By default, the ```compute_embeddings``` function return the ```<CLS>``` token embedding.
You can add a ```pooling_list``` in addition , so you can compute the mean of the tokens embeddings.

```
from biotransformers import BioTransformers

sequences = [
        "MKTVRQERLKSIVRILERSKEPVSGAQLAEELSVSRQVIVQDIAYLRSLGYNIVATPRGYVLAGG",
        "KALTARQQEVFDLIRDHISQTGMPPTRAEIAQRLGFRSPNAAEEHLKALARKGVIEIVSGASRGIRLLQEE",
    ]

bio_trans = BioTransformers(backend="protbert")
embeddings = bio_trans.compute_embeddings(sequences, pooling_list=['mean'])

cls_emb = embeddings['cls']
mean_emb = embeddings['mean']
```

## Pseudo-Loglikelihood
The protein loglikelihood is a metric which estimates the joint probability of observing a given sequence of amino-acids. The idea behind such an estimator is to approximate the probability that a mutated protein will be “natural”, and can effectively be produced by a cell.

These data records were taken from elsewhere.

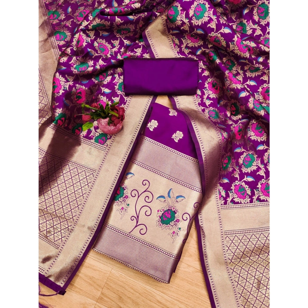 Women's Banarasi Silk Printed Unstitched Salwar Suit Material With Dupatta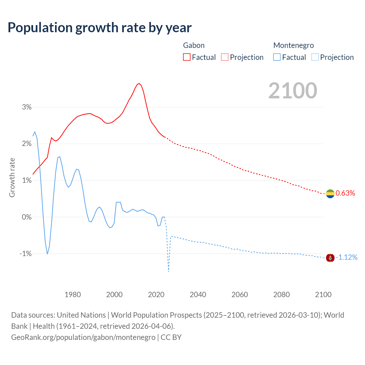 - For the last 10 years, Gabon has had an average growth rate of +2.61% per year vs +0.01% in Montenegro.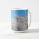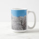 Uma queda de neve leve deixou uma camada branca em uma colina de árvores. O céu azul acrescenta um contraste distinto à cena.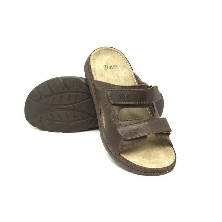 Batz Men's Mike Health Slippers - Męskie kapcie Mike Health Slippers są skórzane, mają anatomicznie ukształtowaną wkładkę i antypoślizgową podeszwę. Posiadają również 2 regulowane zapięcia na rzepy, dzięki czemu można je dopasować do każdej stopy.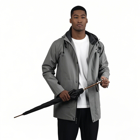 पुरुषों का जैतून का हरा ठोस काले लंबे कोट हुड और वर्षाकोट-यूरोप में अत्यधिक लोकप्रिय है, जिसमें कार्यात्मक वाटरप्रूफिंग की विशेषता है।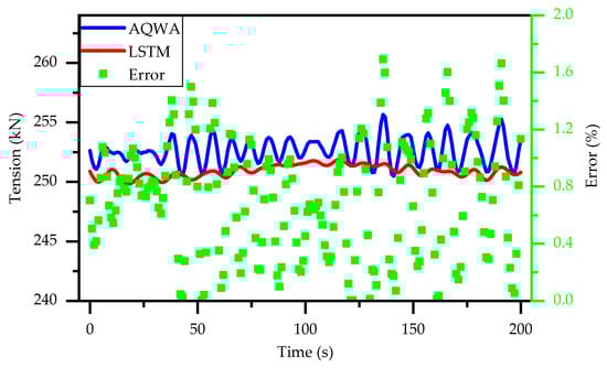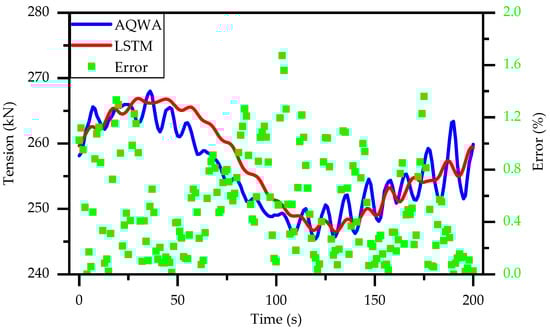 The LSTM model trained in Case 2 predicted the mooring tensions of the mooring system in four working conditions of the test set. Take out the test set, AD10 Mooring Line 8, AD35 Mooring Line 4, AD32 Mooring Line 3, AD7 Mooring Line 7 prediction results, and AQWA results to draw the time history curve, and draw the error distribution map for the first 200 s and statistics on the results of 4 test sets. These are shown in Figure 6, Figure 7, Figure 8, Figure 9, Figure 10, Figure 11, Figure 12 and Figure 13 and Table 13, Table 14, Table 15 and Table 16.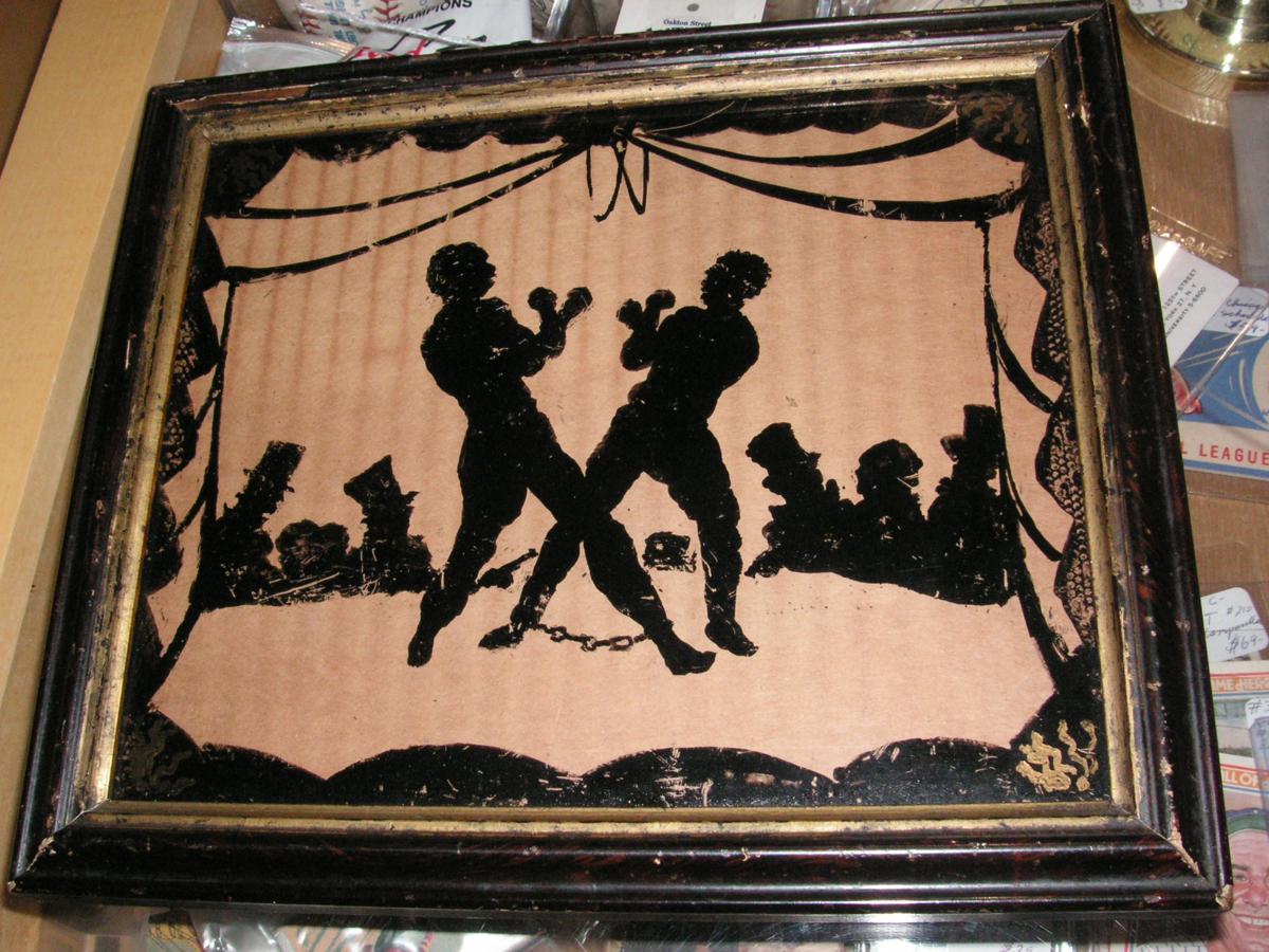 two 1880ish boxers one white, one black, and the puppet Punch of the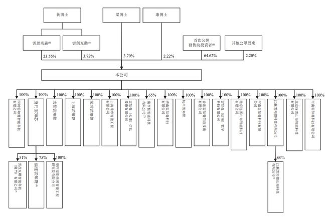 在云知声的股权架构中,梁家恩、黄伟、康恒为一致行动人,合计持股33.93%。梁家恩直接持股3.78%,黄伟通过云思尚义、云创互动间接持股24.08%、3.8%,康恒直接持股2.27%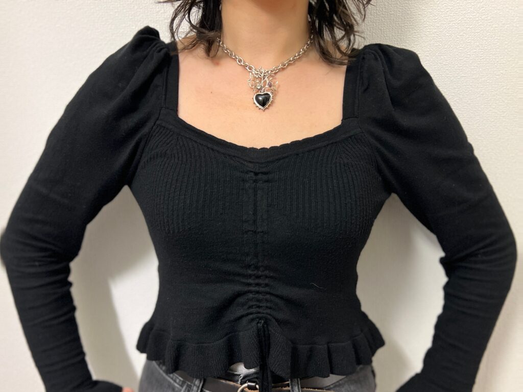 脱ぐと、パフスリーブが女性らしさを演習し首元にはハートのネックレス🖤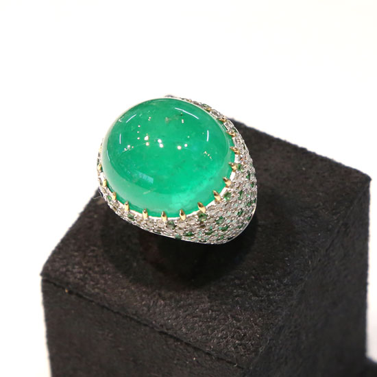 This chunky emerald ring features a domed emerald with a high-gloss finish. The emerald exhibits a seafoam green color with great transparency. Embellished with finely-cut diamonds, this ring looks even more gorgeous and appealing.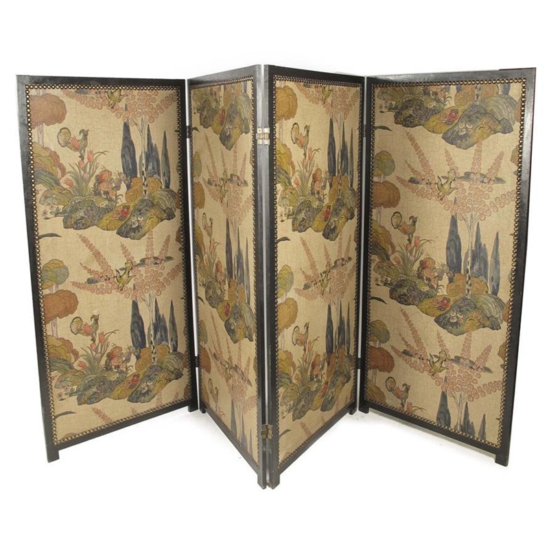 A painted wood frame four fold screen, the panels decorated birds within garden landscapes, the reverse panels with oriental vases and flowers, 65.25in (165.5cm) h, 31.5in (80cm) w each panel.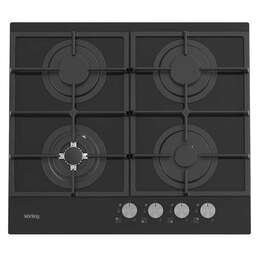 Газовая варочная панель из закаленного стекла, ширина 60 см, 4 высокоэффективные конфорки, автоматический электроподжиг, газ-контроль каждой конфорки, передние поворотные регуляторы, чугунные решетки для посуды, цвет - черный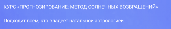 Пройдя этот курс, Вы сможете научиться интерпретировать карты солнечных возвращений и выбирать места для встречи соляра.
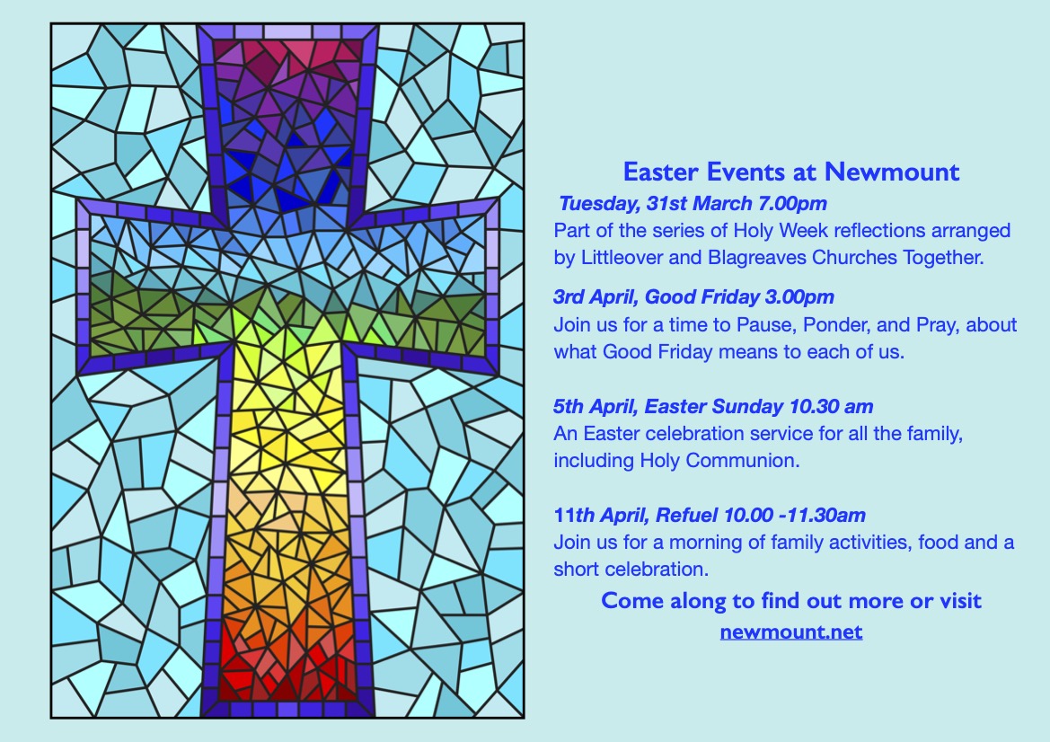Heavenly Father we pray for ourselves and our own fellowship, that you would give us a vision for the future, that you would show us what part you want us to play in our local community. We often feel so insignificant, but we know that you call each of us to play our part, and we pray that through the Holy Spirit we may be given confidence and the opportunities to share the good news that Easter brings.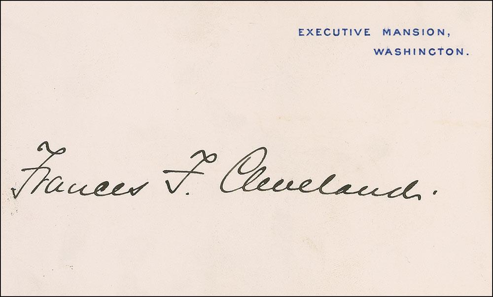 Signed Executive Mansion card, boldly signed in black ink, “Frances F. Cleveland.” In fine condition, with a bit of scattered light toning and soiling, and small area of mounting remnant on reverse.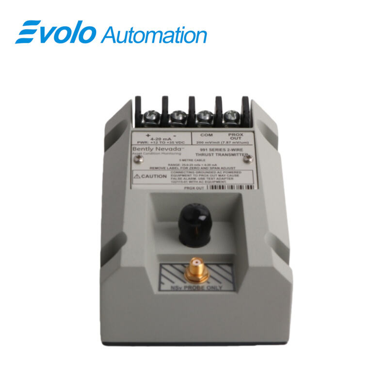 Connect the 991-25-50-02-05 Thrust Transmitter to a 3300 NSv Proximity Probe on compressor shafts. The transmitter converts shaft displacement into a 4 to 20 mA signal for automated monitoring and control.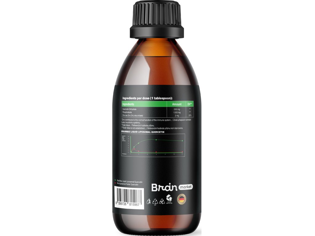 A kvercetin, egy természetesen előforduló flavonoid, alacsony biohasznosulásáról ismert, ami azt jelenti, hogy a szervezet rosszul szívja fel a hagyományos táplálékkiegészítőkből. Hagyományos formáiban rosszul oldódik és gyorsan kiürül. Egy, a BrainMax folyékony liposzómás kvercetint a hagyományos tabletta formájával összehasonlító tanulmány azonban jelentős javulást mutatott. A liposzómás kvercetin biohasznosulása akár 11,6-szor magasabb volt, és vérkoncentrációja teljes 12 órán át magas maradt. Ez azt jelenti, hogy a hatóanyag nagyobb része hosszabb ideig áll rendelkezésre a szervezet számára, ami biztosítja a termék jobb hasznosulását és hatékonyságát.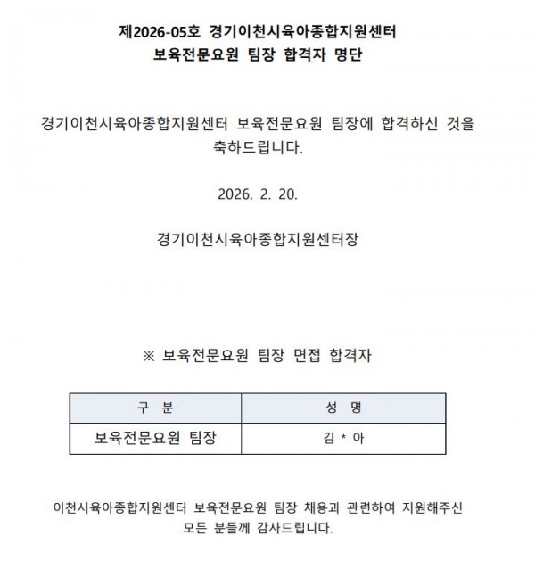 센터 | 제2026-05호 경기이천시육아종합지원센터 보육전문요원(팀장) 합격자 명단

These metrics rely on transformers language models . These models are trained to predict a “masked” amino-acid in a sequence. As a consequence, they can provide us an estimate of the probability of observing an amino-acid given the “context” (the surrounding amino-acids).  By multiplying individual probabilities computed for a given amino-acid given its context, we obtain a pseudo-likelihood, which can be a candidate estimator to approximate a sequence stability.
```
from biotransformers import BioTransformers

sequences = [
        "MKTVRQERLKSIVRILERSKEPVSGAQLAEELSVSRQVIVQDIAYLRSLGYNIVATPRGYVLAGG",
        "KALTARQQEVFDLIRDHISQTGMPPTRAEIAQRLGFRSPNAAEEHLKALARKGVIEIVSGASRGIRLLQEE",
    ]

bio_trans = BioTransformers(backend="protbert",device="cuda:0")
loglikelihood = bio_trans.compute_loglikelihood(sequences)
```

# Roadmap:
  - Support multi-gpu forward
  - support MSA transformers
  - add compute_accuracy functionnality
  - support finetuning of model

# Citations

# License

This source code is licensed under the **Apache 2** license found in the `LICENSE` file in the root directory.